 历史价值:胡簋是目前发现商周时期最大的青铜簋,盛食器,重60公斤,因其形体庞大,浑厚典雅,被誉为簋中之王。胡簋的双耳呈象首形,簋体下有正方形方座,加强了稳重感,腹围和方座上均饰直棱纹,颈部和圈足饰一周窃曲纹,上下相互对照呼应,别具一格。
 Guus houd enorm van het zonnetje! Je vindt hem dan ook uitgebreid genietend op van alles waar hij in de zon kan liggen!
* * * * * * * * *
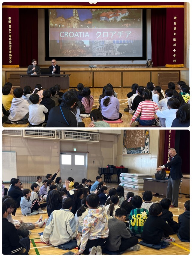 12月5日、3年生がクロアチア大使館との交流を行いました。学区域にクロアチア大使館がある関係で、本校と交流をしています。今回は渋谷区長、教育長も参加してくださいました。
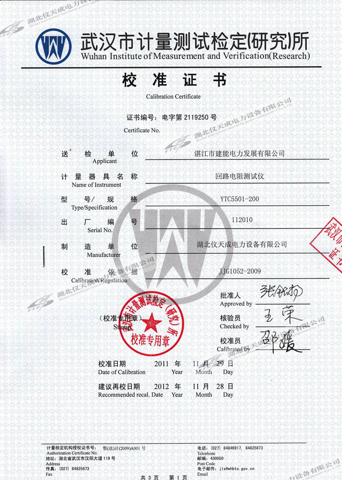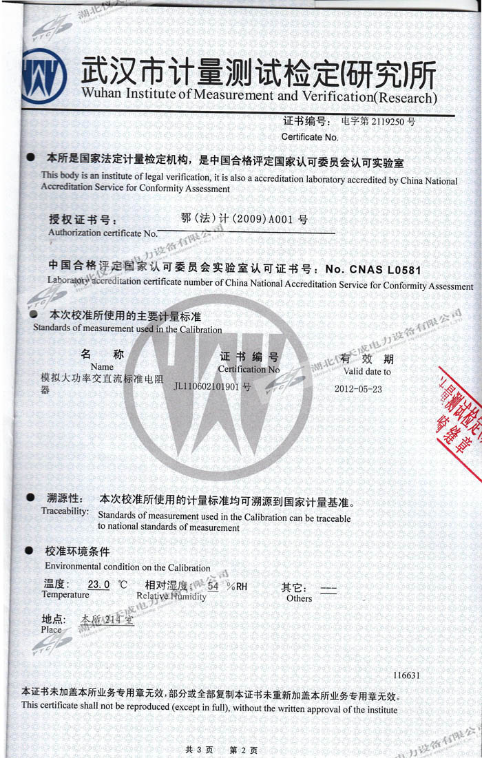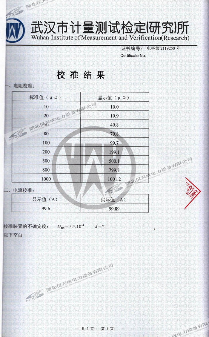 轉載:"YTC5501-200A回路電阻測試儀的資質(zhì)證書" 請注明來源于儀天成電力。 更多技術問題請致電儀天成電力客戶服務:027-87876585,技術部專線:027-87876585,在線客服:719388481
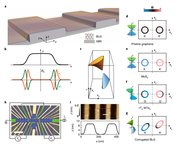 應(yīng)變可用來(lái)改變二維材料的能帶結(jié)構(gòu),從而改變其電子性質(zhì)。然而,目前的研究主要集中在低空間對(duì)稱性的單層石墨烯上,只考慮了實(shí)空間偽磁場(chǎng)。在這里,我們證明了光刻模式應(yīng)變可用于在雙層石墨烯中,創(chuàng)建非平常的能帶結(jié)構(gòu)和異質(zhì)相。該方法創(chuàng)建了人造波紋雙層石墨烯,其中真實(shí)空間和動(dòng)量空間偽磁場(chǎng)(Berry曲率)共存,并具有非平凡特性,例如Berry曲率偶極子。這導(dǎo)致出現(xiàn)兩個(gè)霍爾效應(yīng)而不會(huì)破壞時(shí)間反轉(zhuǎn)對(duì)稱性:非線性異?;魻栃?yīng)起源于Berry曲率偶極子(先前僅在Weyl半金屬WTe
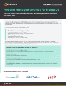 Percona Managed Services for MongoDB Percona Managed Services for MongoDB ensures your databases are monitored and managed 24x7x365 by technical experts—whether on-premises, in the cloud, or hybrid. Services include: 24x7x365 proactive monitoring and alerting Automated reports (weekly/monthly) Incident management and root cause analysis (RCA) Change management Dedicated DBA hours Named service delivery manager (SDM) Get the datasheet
* * * * * * * * *
» ACTIVITY
Could you retype exactly the lines above, starting at the line that contains "历史价值:胡簋是目前发现商周" and ending at the line that contains "Guus houd enorm", and nothing more?

» FINAL ANSWER
 历史价值:胡簋是目前发现商周时期最大的青铜簋,盛食器,重60公斤,因其形体庞大,浑厚典雅,被誉为簋中之王。胡簋的双耳呈象首形,簋体下有正方形方座,加强了稳重感,腹围和方座上均饰直棱纹,颈部和圈足饰一周窃曲纹,上下相互对照呼应,别具一格。
 Guus houd enorm van het zonnetje! Je vindt hem dan ook uitgebreid genietend op van alles waar hij in de zon kan liggen!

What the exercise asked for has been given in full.